Joe Lamas

No. 29, 28
- Position: Guard

Personal information
- Born: January 10, 1916 Havana, Cuba
- Died: April 22, 1996 (aged 80) Manhasset, New York, U.S.
- Listed height: 5 ft 10 in (1.78 m)
- Listed weight: 216 lb (98 kg)

Career information
- High school: Textile (Manhattan, New York, U.S.)
- College: Mount St. Mary's

Career history
- Pittsburgh Steelers (1942); Seattle Bombers (1944); Portsmouth Pirates (1946);
- Stats at Pro Football Reference

= Joe Lamas =

American football player (1916–1996)

Joseph Francis Lamas (January 10, 1916 – April 22, 1996) was an American professional football player who played one season with the Pittsburgh Steelers of the National Football League (NFL). He played college football at Mount Saint Mary's College and Seminary.

==Early life and college==
Joseph Francis Lamas was born on January 10, 1916, in Havana, Cuba. He attended Straubenmuller Textile High School in New York, New York.

Lamas played college football at Mount Saint Mary's College and Seminary, with his last year being in 1941.

==Professional career==
Lamas played in eight games for the Pittsburgh Steelers during the 1942 season. He scored a 29-yard fumble recovery touchdown against the Detroit Lions on November 8, 1942.

Lamas entered military service after the 1942 season and fought during World War II.

He started four games for the Seattle Bombers of the American Football League in 1944.

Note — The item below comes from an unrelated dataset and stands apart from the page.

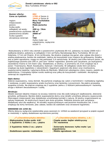 Domki Letniskowe: oferta nr 092 Bory Tucholskie; M?cika? Numer oferty: Cena za tydzień: 092 1799 zł Sezon A 1649 zł Sezon B region: Bory Tucholskie miejscowość: Męcikał jezioro: Małe Jeziorko liczba osób: 6 odległość od wody: 200 m / 5km powierzchnia użytkowa: 60 m2 powierzchnia działki: 2000 m2 liczba sypialni: 2 akceptacja zwierząt: TAK (tylko małe i po uzgodnieniu, wyłącznie suczki !) Wybudowany w 2015 roku domek o powierzchni użytkowej 60 m2, położony na dużej (2000 m2) i zadbanej działce, położony w odległości 3 km od Parku Narodowego Bory Tucholskie, 90 km od Gdańska, 17 km od Chojnic, 8 km od Brusów. Na działce znajduje się garaż, plac zabaw dla dzieci z wielką piaskownica, boisko do siatkówki, tablica do koszykówki oraz miejsce do grillowania. Działka jest w pełni ogrodzona, mogą na niej parkować 3-4 samochody. W okolicy jest kilka leśnych jezior, do najbliższego jeziorka jest 200 m, jest tam "dzikie" kąpielisko. Jeziorko jest zarybiane, po wykupieniu zezwolenia można w nim łowić ryby. Dodatkowo, w okolicy, w promieniu ok.3 km znajduje się 5 jezior: Trzemeszno, Mylof, Kosobudno, Dybrzyk i Ostrowite. W odległości około 5km od domu znajduje się duże kąpielisko z ratownikiem i łagodnym wejściem dla dzieci oraz możliwością wypożyczenia kajaków i spłynięcia Brdą do Męcikału. Właściciel udostępnia cztery rowery, paletki do badmintona, 2 komplety kijków nordic-walking oraz piłkę do koszykówki i siatkówki. Akceptacja zwierząt do uzgodnienia. Opis domu: Dobrze wyposażony, nowy domek. Na parterze znajdują się: salon z kominkiem i rozkładaną rogówką 2 osobową, w pełni wyposażony aneks kuchenny oraz łazienka z prysznicem. Na piętro prowadzą wygodne schody. Na piętrze znajdują się 2 sypialnie: jedna z 2 łóżkami jednoosobowymi i łazienką, druga z łóżkiem dwuosobowym i szafą. Atrakcje: Obiekt stanowi idealne miejsce na wczasy rodzinne oraz dla osób lubiących wędkowanie, zbieranie grzybów, grillowanie. Bardzo dobre wyposażenie domu oraz działki umożliwia aktywny wypoczynek. Otaczające miejscowość lasy dodatkowo umożliwiają kontakt z naturą. W okolicy organizowane są spływy kajakowe. W okolicznych lasach jest dużo grzybów. Pobliskie jeziorko jest zarybiane dodatkowy atut dla wędkarzy. W ośrodku wypoczynkowym nad jeziorem Kosobudno (ok. 5 km) znajdują się korty tenisowe, plac zabaw, boisko do siatkówki oraz strzeżone kąpielisko. WEEKEND ZA 1250 ZŁ: Oferta dotyczy wyłącznie weekendów poza sezonem A: 1250zł za weekend (przyjazd w piątek wyjazd w niedzielę) + opłaty dodatkowe wymienione poniżej Charakterystyka obiektu: - Maksymalna liczba osób: 4/6* - 1 Sypialnia: 2 łóżka 1 os..: piętro Charakterystyka obiektu, c.d.: - Ciepła woda: bojler elektryczny - TV: naziemna - 2 Sypialnia: łóżko 2 os.: piętro - Zwierzęta domowe: tylko małe i po uzgodnieniu - Meble ogrodowe: tak - Dodatkowe spanie: rozkładana strona 1 / 3 Domki Letniskowe: oferta nr 092 Bory Tucholskie; M?cika? rogówka 2 os.: salon, parter - 1 Łazienka z kabiną prysznicową: parter - 2 Łazienka: piętro, przy sypialni 1 - Bielizna pościelowa: 10 zł/os/pobyt - Salon z kominkiem: parter - Aneks kuchenny z wyposażeniem: parter - Kuchenka elektryczna: 4 palniki z piekarnikiem - Grill ogrodowy: tak - Duże leżaki: 3szt. - Rowery: 4 szt. - Kąpiel w jeziorku leśnym: 200 m - Kąpiel z ratownikiem: 5 km - Wędkowanie: wykup zezwolenia na miejscu - Ośrodek wypoczynkowy: ok. 5 km - Restauracja: 8 km - Lekarz: 8 km - Sklep spożywczy: 1,2 km - Wypożyczalnia sprzętu wodnego: 5 km - Czajnik: tak - Lodówka: tak - Ogrzewanie: kominek * 6 osób przy wykorzystaniu spania dodatkowego w salonie CENNIK: Podana poniżej i wyróżniona na pomarańczowo cena jest całkowitą ceną wynajmu domu na 1 tydzień - od soboty do soboty (zawiera w sobie kwotę rezerwacji i zaliczki). Dodatkowo dolicza się podane niżej opłady obowiązkowe i/lub nieobowiązkowe. Sezon A Sezon B TYLKO Weekendy: 25.06. - 20.08.2011. Poza sezonem A 29.04 - 03.05 (4 doby) wynajem za 1 tydzień w tym: 1799 zł/tydz 1649 zł/tydz 1249 zł za 3 doby 1632 zł za 3 doby - rezerwacja 299 zł/tydz 249 zł/tydz 249 zł/pobyt - zaliczka --- --- --- OPŁATY DODATKOWE: 1. Zużycie energii elekt. wg wskazań licznika; koszt 60 gr. za 1 kWh. 2. Sprzątanie domu po zakończeniu turnusu 150 zł jeżeli najemca nie chce sam wykonać tej pracy. 3. Bielizna pościelowa 10 zł/osoba/pobyt 4. Każde zwierzę 50 zł/tydzień 5. Drewno do kominka 1 wsad gratis, dodatkowa wiązka 30 zł strona 2 / 3 Domki Letniskowe: oferta nr 092 Bory Tucholskie; M?cika? KAUCJA 300 zł Kaucja, pobierana przez właściciela w momencie przekazania kluczy, jest zwracana najemcy po potrąceniu kwoty opłat dodatkowych oraz ewentualnych uzasadnionych kosztów szkód powstałych z jego winy. strona 3 / 3 Powered by TCPDF (www.tcpdf.org)

Lamas played in all ten games, starting six, for the Portsmouth Pirates of the Dixie League during the 1946 season and returned one interception for a touchdown.

==Coaching career==
Lamas entered Iona Prep in 1952. He was the assistant football coach from 1952 through 1956 and took over the head coaching job from 1957 through 1961. He also coached baseball and worked as the athletic director. On the academic side, he taught Latin, history and health. Lamas retired from Iona Prep in 1979.

==Personal life==
Lamas died on April 22, 1996, in Manhasset, New York.